**Directions for this task**
Omit all pictures. Print the remaining lines exactly, from the start of the data through the line containing "silver ke paton".
[Opening Given data section]
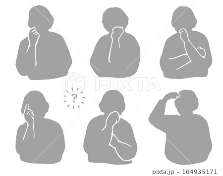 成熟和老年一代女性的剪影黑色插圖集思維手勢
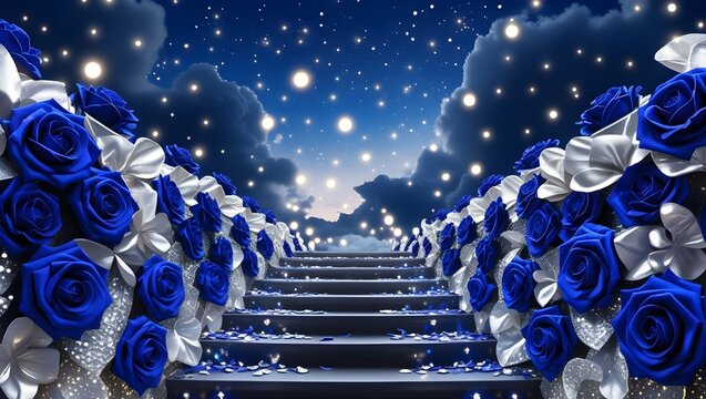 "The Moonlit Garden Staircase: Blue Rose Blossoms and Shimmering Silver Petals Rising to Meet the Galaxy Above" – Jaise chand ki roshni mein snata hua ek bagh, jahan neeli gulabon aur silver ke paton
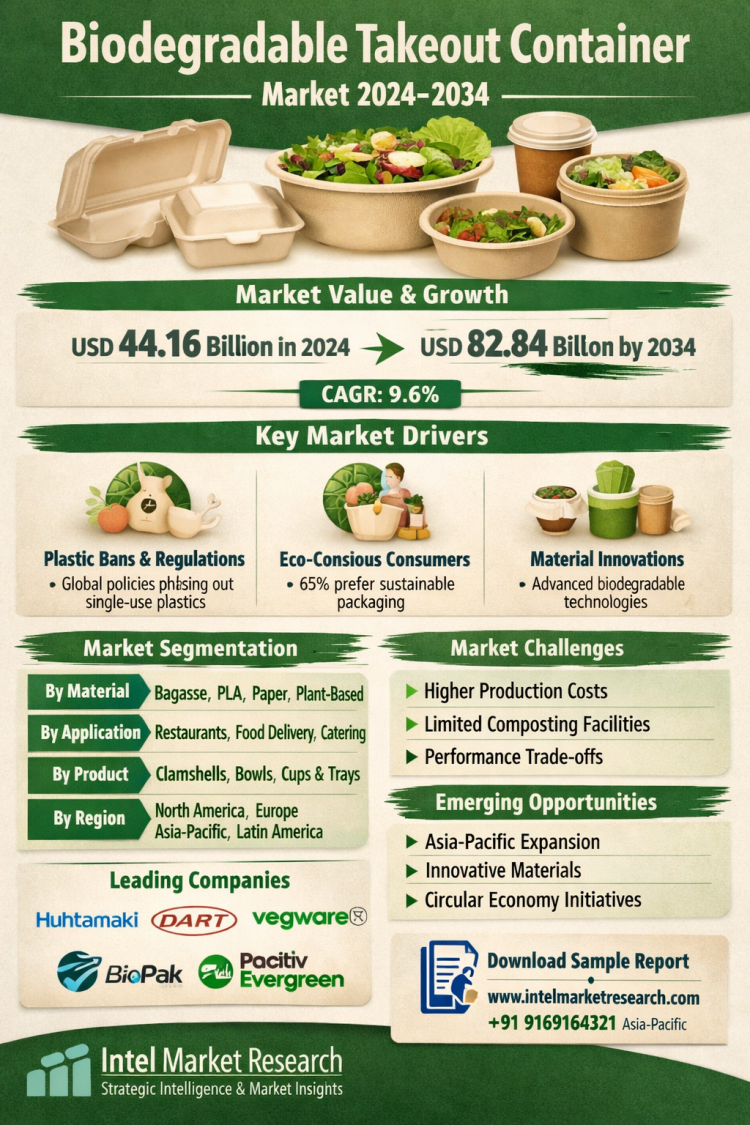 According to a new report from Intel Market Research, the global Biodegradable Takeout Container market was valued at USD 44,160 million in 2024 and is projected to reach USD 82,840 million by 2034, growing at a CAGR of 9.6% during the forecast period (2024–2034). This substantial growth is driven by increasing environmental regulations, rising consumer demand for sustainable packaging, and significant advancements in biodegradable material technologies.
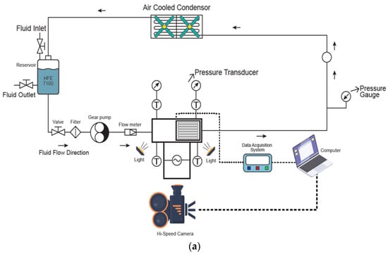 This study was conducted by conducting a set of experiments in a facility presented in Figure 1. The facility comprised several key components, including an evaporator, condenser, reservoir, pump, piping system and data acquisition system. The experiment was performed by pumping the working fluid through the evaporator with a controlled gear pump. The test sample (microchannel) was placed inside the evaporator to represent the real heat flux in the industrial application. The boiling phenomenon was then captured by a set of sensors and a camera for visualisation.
[Closing Given data section]
**Result for this exercise**
 成熟和老年一代女性的剪影黑色插圖集思維手勢
 "The Moonlit Garden Staircase: Blue Rose Blossoms and Shimmering Silver Petals Rising to Meet the Galaxy Above" – Jaise chand ki roshni mein snata hua ek bagh, jahan neeli gulabon aur silver ke paton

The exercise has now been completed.